*** Begin section ***

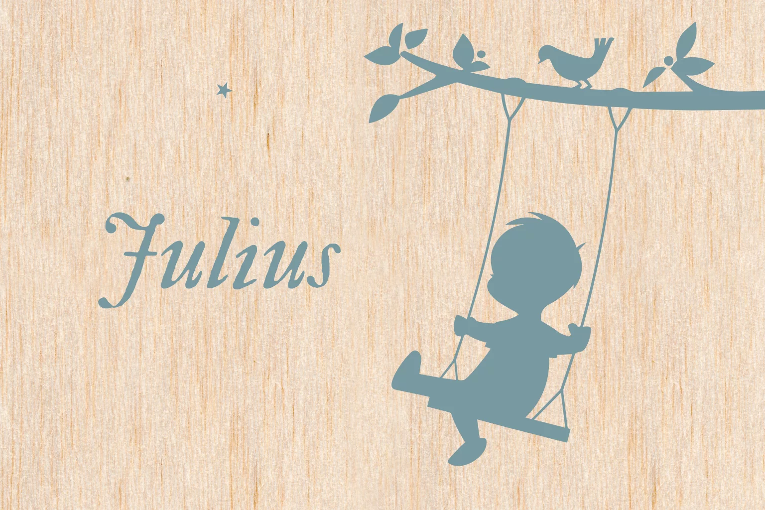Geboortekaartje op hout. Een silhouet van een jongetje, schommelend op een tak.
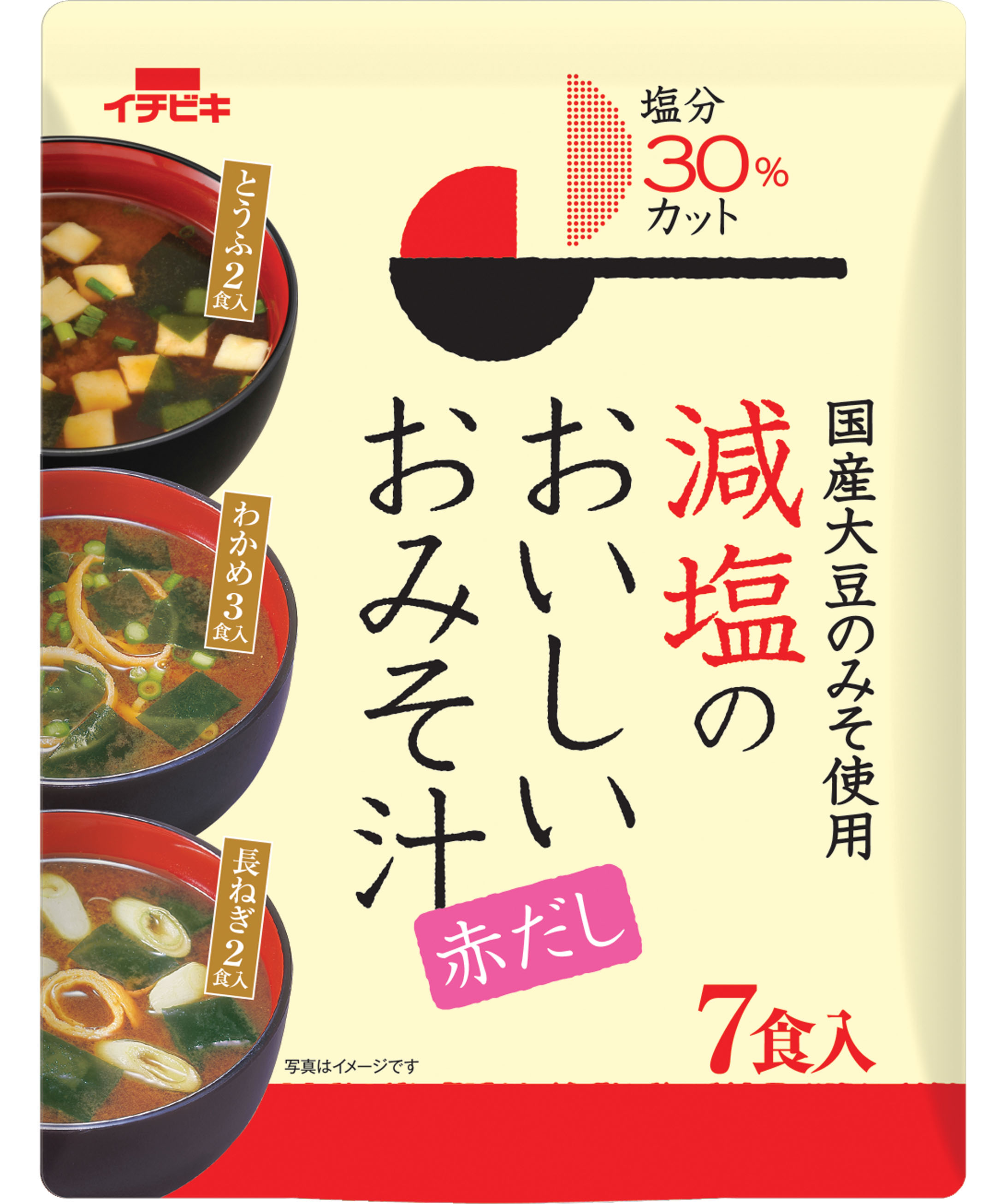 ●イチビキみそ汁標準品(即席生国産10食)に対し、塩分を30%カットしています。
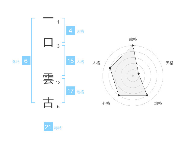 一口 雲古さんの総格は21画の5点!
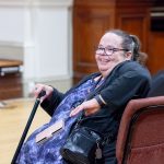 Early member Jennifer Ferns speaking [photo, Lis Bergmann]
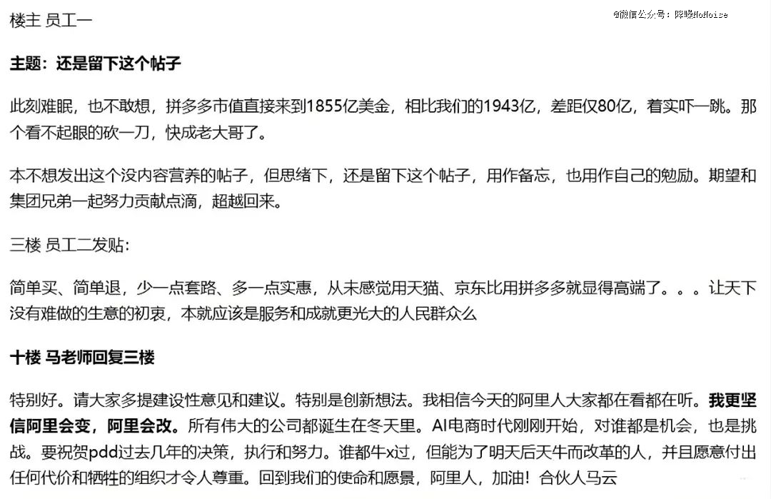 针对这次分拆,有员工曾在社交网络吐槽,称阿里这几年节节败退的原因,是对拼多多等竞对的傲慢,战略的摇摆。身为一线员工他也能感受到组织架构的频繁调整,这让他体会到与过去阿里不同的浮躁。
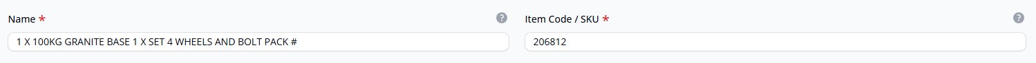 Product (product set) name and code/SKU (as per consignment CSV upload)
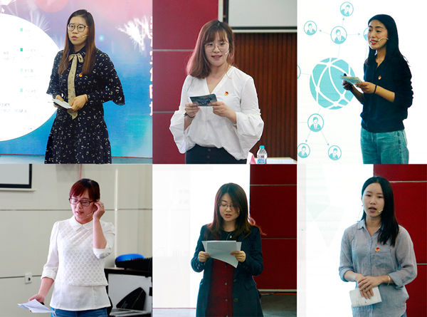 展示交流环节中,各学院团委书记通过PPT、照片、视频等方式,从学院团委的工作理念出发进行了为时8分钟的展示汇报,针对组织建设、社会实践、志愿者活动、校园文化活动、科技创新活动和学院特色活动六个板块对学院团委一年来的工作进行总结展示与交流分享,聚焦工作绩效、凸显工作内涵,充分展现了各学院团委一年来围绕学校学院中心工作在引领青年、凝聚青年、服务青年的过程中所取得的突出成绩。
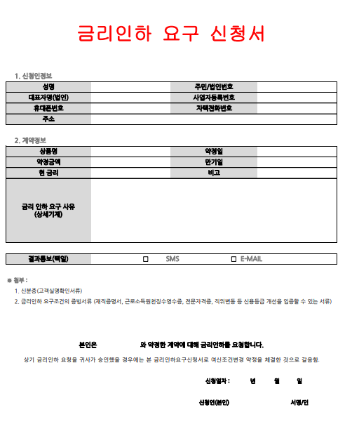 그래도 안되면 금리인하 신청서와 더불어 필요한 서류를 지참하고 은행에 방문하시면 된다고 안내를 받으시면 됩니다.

*** End section ***
*** Begin section ***

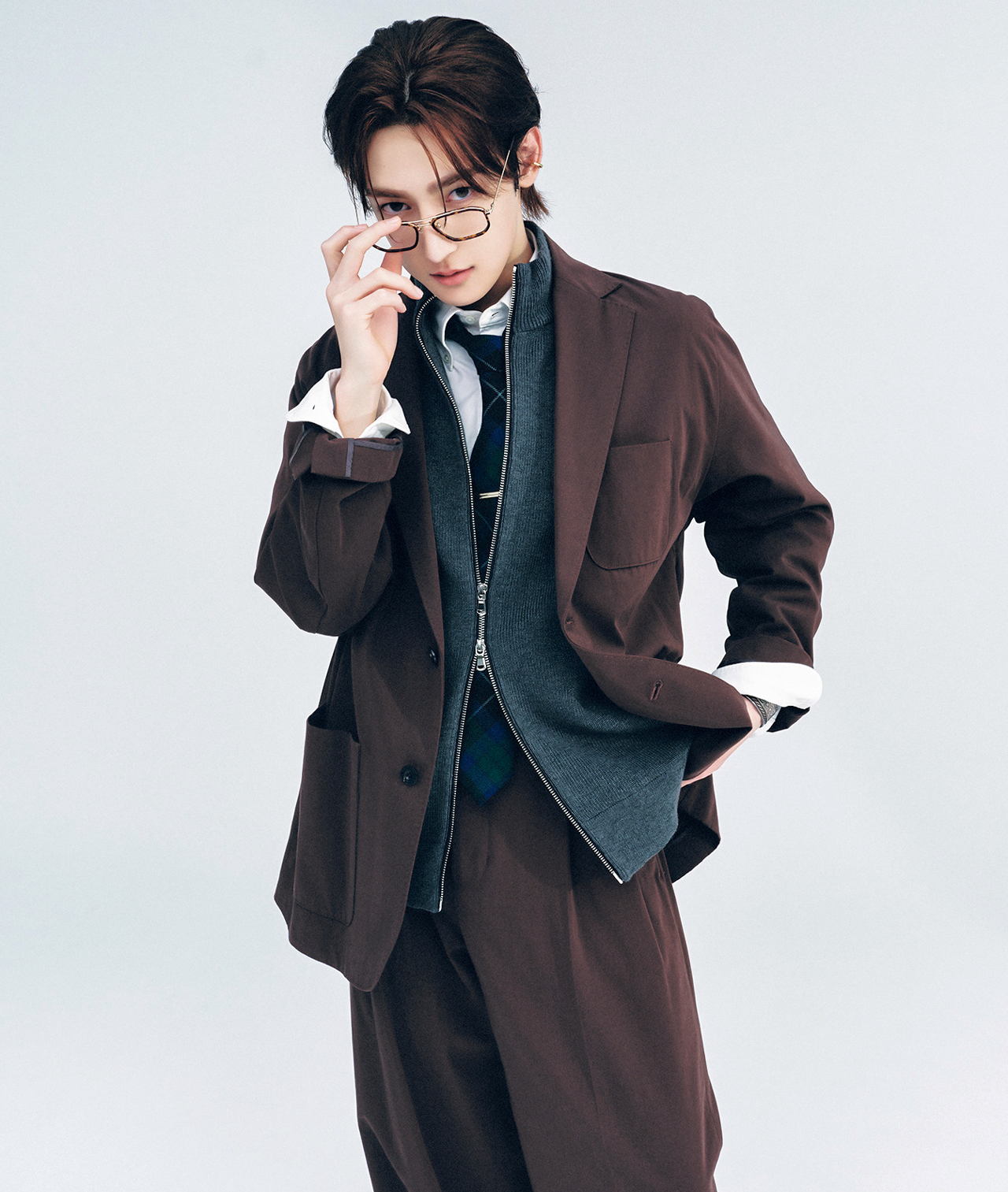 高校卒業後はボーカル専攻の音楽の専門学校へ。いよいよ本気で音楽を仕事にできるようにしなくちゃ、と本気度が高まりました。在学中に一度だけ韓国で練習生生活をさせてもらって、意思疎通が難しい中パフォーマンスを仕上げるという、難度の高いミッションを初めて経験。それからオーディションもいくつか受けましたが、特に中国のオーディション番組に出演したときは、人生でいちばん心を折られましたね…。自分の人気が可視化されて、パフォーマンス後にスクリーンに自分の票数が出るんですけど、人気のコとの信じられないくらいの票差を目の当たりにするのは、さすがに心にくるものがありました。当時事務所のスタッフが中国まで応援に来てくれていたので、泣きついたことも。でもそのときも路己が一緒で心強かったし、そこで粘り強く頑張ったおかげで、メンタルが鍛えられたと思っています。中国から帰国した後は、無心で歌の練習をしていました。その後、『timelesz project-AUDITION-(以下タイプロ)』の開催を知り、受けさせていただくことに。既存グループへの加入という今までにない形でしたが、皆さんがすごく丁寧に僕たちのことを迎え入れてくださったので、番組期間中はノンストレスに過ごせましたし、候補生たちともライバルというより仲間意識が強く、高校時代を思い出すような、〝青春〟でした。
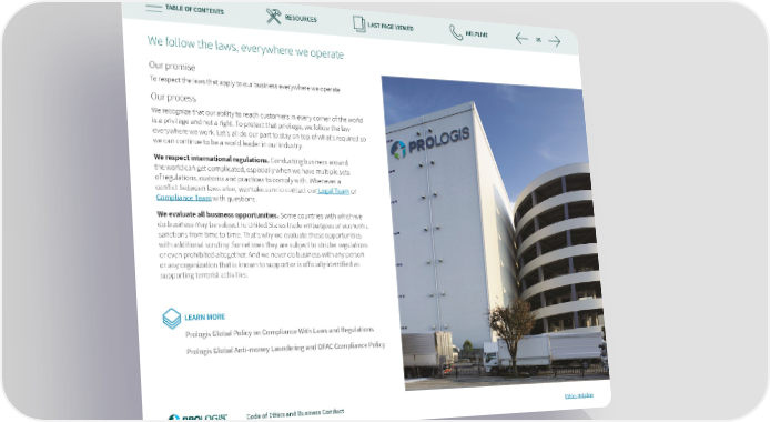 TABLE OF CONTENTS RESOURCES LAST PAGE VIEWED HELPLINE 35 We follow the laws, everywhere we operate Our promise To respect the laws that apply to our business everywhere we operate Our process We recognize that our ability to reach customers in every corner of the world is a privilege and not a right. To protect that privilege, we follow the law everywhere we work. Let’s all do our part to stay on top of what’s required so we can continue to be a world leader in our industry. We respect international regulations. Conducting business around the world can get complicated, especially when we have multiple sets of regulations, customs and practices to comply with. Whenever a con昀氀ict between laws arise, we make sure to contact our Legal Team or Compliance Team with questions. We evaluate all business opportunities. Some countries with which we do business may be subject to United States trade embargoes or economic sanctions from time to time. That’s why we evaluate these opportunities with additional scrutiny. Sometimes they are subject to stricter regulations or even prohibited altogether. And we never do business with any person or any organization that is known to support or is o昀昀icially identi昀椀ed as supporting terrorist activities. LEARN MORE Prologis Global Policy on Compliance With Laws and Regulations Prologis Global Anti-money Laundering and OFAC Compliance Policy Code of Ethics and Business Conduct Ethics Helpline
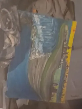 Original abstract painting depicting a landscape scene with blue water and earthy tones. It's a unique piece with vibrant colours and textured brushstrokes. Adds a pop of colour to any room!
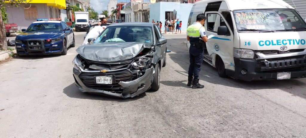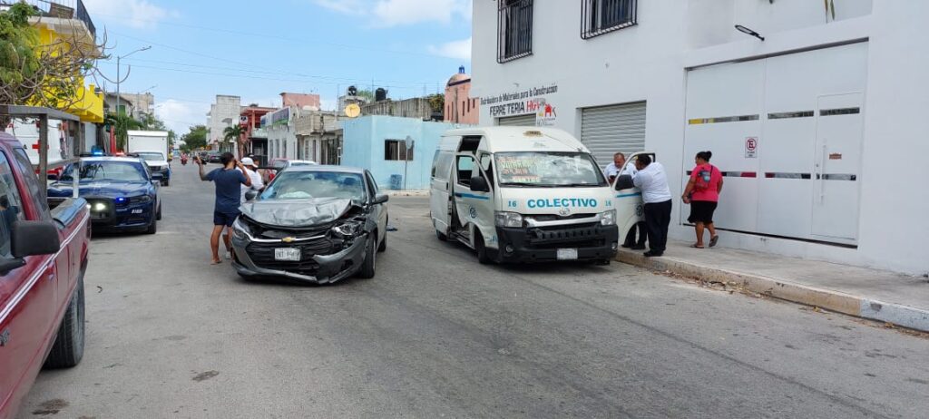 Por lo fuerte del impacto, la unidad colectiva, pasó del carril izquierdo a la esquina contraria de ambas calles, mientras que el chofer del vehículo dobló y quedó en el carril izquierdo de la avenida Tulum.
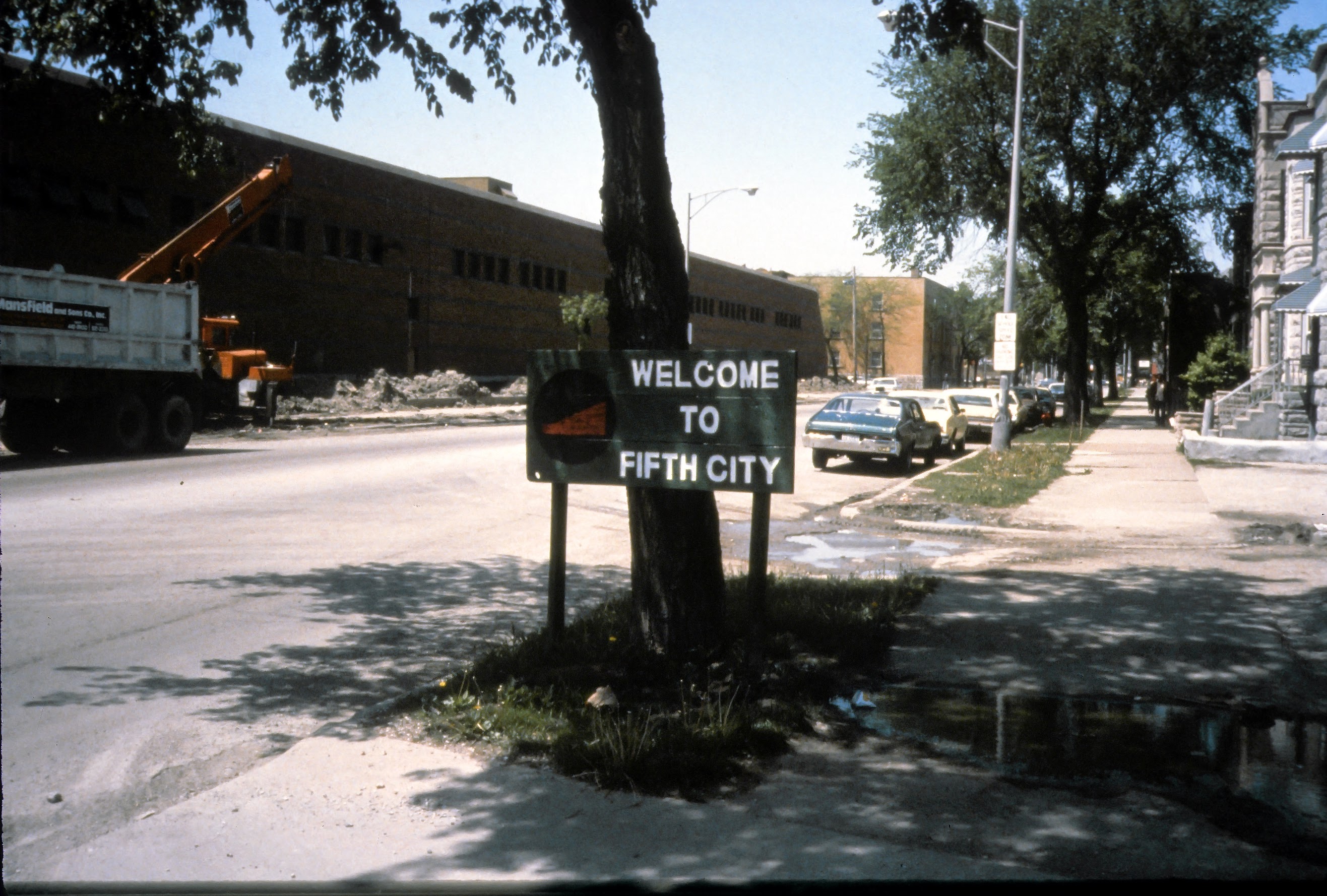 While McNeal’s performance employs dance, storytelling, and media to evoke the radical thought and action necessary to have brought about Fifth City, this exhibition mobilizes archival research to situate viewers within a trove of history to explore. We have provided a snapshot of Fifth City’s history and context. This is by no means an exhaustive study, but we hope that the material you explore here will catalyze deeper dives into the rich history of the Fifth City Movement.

*** End section ***

DIRECTIONS FOR THIS TASK:
In the records above, find the line with "针对这次分拆,有员工曾在社交" and the line with "그래도 안되면 금리인하"; please transcribe exactly those two lines and all lines between them, omitting any picture.

EXERCISE OUTPUT:
 针对这次分拆,有员工曾在社交网络吐槽,称阿里这几年节节败退的原因,是对拼多多等竞对的傲慢,战略的摇摆。身为一线员工他也能感受到组织架构的频繁调整,这让他体会到与过去阿里不同的浮躁。
 Product (product set) name and code/SKU (as per consignment CSV upload)
 展示交流环节中,各学院团委书记通过PPT、照片、视频等方式,从学院团委的工作理念出发进行了为时8分钟的展示汇报,针对组织建设、社会实践、志愿者活动、校园文化活动、科技创新活动和学院特色活动六个板块对学院团委一年来的工作进行总结展示与交流分享,聚焦工作绩效、凸显工作内涵,充分展现了各学院团委一年来围绕学校学院中心工作在引领青年、凝聚青年、服务青年的过程中所取得的突出成绩。
 그래도 안되면 금리인하 신청서와 더불어 필요한 서류를 지참하고 은행에 방문하시면 된다고 안내를 받으시면 됩니다.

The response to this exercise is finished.